2007年12月13日 | Weblog
日曜日、冬物と器を物色に実家へ帰る。
昼前に着き、いつもポストに入れてある鍵で中に入る。
大体不在の父が夜勤空けの休みで家にいたので昼飯いこうということになった。そんなときは斜め向かいのケーキ屋の二階にあるオムライスが売りのカフェに行く。
父はカレーオムライス、私はデミグラスソースの。スープ・サラダとミニデザート、コーヒー付のランチセット。父はコーヒーは先にと頼んだので私もそうした。
小さい頃の記憶では父は休みの日の昼、いつもレトルトカレーかインスタントラーメンを食べていた。父がいる昼はカレーと煙草のにおいだったのをよく覚えている。舌は子供で、母の料理には味見せずソースをどばーとかける無神経な男だ。
コーヒーを飲みがら、某新聞社の新しい工場の責任者となった父の仕事のことや、花屋の日々のこと、妹のことなどを話した。皆それぞれ仕事や部活が忙しく実家に来ることは少なくなった。
驚いたのは父が中学時代から半生を傾け、社会人になっても続けてきたバレーボールをやめたことだ。
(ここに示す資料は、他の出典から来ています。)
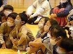 おじいさんが小づちをふるところでは、キラキラした小判が出てきてみんなびっくりしました。最後に、みんなで「おむすびころりん。すっとんとん。」と手拍子に合わせて声をそろえて大成功でした。公演は火、水曜日もあるので楽しみです。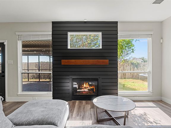 Cozy gas-log fireplaceHome officeDining areaBuilt-in wine rackGranite countertopsCovered patioNew kitchen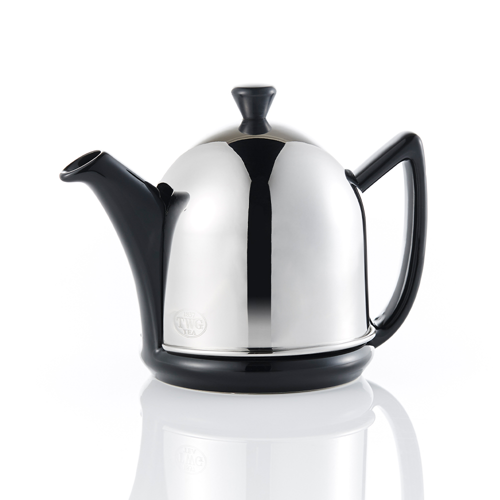 The TWG Tea Dome teapots feature a high-quality polished warmer in either stainless steel or metallic golden rose with an inner felt lining which fits over the porcelain teapot and keeps the tea warm. These ceramic teapots come with a specially designed removable filter which allows the leaves to unfurl and to develop their fragrance during the infusion. This teapot is perfectly suitable for all tea varieties.

昇進して練習に行く時間がなくなったことと、体力の限界を感じたらしい。同じ年代で続けている人もいるそうだが、練習の時間がないまま実力が落ちて同年代に負けるのも嫌だという。父は何につけても中途半端と負けるのが嫌いだ。 それで今はゴルフをやっている。おっさんが休みにする遊びとは違い本気なのだそうで、休みの日は必ず練習に行くという。月に二度は取引先の接待ゴルフがあったり、自分の都合で練習でき、年令的にも長く続けられるスポーツでもある。何にせよ体は動かしたほうがいい。
コーンスープとサラダ、ほどなくオムライスも運ばれてきた。デミグラスソースは自家製で、中はバターライスになっている。
最近パチンコでエヴァンゲリオンに凝っているそう。しかし父はアニメを全く知らないので使徒って何?なんで子供ばかり出てくるのか?などの質問に事細かに答えてあげた。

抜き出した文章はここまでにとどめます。